Even though her hands stung from the slashes of the branches, after fifteen seconds had passed, she grabbed the doorknob with both hands and frantically started alternately pushing, pulling and turning it.
Tears burned her eyes as she gulped for air. “Adrian! Help me!”
The porchlight flashed on, the sudden light stinging her eyes. The doorknob turned beneath her hands. Celeste blinked in the bright light and released the doorknob as if it were on fire.
The door opened. Adrian stood in the doorway. He was barefoot, wearing only crumpled jeans with the button unfastened. His usually meticulously styled hair stood on end. For the first time since she'd known him, he wasn't wearing his glasses, so he was squinting rather badly.
He was the most beautiful thing she'd ever seen.
“Celeste?” His eyes narrowed even more as he focused on the brightness of pink flannel. “What are you doing here in your pajamas? Where's Bob's car?” He glanced over her shoulder to the empty street. Seeing nothing, he then looked down and stared at her bare toes. “You'd better come in.”
The second the door closed behind her, she extended one arm and pointed in the direction of her duplex. “It's Zac,” she gasped. She was trembling from head to toe, but she gulped for more air, and continued. “He found me. He's at my house. I had to run.”

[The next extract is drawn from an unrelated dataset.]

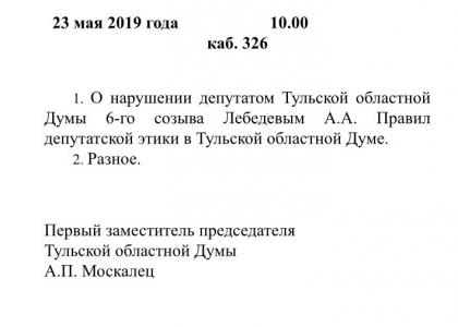 вопрос о его снятии с должности заместителя председателя областной Думы, первый

“Who's Zac? Should I call the police?”
Celeste inhaled deeply a few times, finally gaining control of her breathing, and shook her head. “There's no point. He'll be gone by now. As soon as he realizes I'm not
there, he'll check the obvious places in the yard and then leave within three minutes.”
“Three minutes?”
“He always times everything to three minutes so the police won't catch him. Because he was looking for me first, I don't know if he had time to steal anything.” For a second, her heart stopped again. She didn't have much worth stealing. All she had besides some used furniture was her economy CD player, the television she'd got from the second-hand store and her reconditioned computer, none of which Zac would want. They weren't worth enough to bother stealing because they weren't name-brand items and they would be hard to sell because they were older.
The thing he would want would be her electric piano, because it was the only thing she owned of any value. Fortunately, the piano was still set up in Adrian's den, where she'd left it after practice on Wednesday.
Celeste's relief quickly changed to dread. With nothing to steal, and without her there for him to have his way with, Zac could trash the place.
Her home.
She hoped his three minutes would be up before he had time to vent his rage.
“I don't understand. Why would someone you know steal your things? If you knew he was going to steal something, why did you let him in?”
Celeste lowered her arm and turned her head so she could see Adrian's face. His obvious confusion told her that he had no experience with the dark side of people beyond what he saw on television or read in the paper. But she knew that kind of person well. Not long ago, she'd been one of them.
“I didn't let him in. He broke in. That's why I'm here.”
“But⦔ Adrian shook his head. “Just a minute. This is all wrong. I'll be right back.”
He returned wearing his glasses and a T-shirt. The button on his jeans was fastened, but he was still barefoot. Draped over his arm, he carried a large bathrobe, which he handed to her as soon as he was within reach. “Put this on and tell me what's going on.”
He glanced at the window, even though it wasn't possible to see anything, then back to her, waiting for an explanation.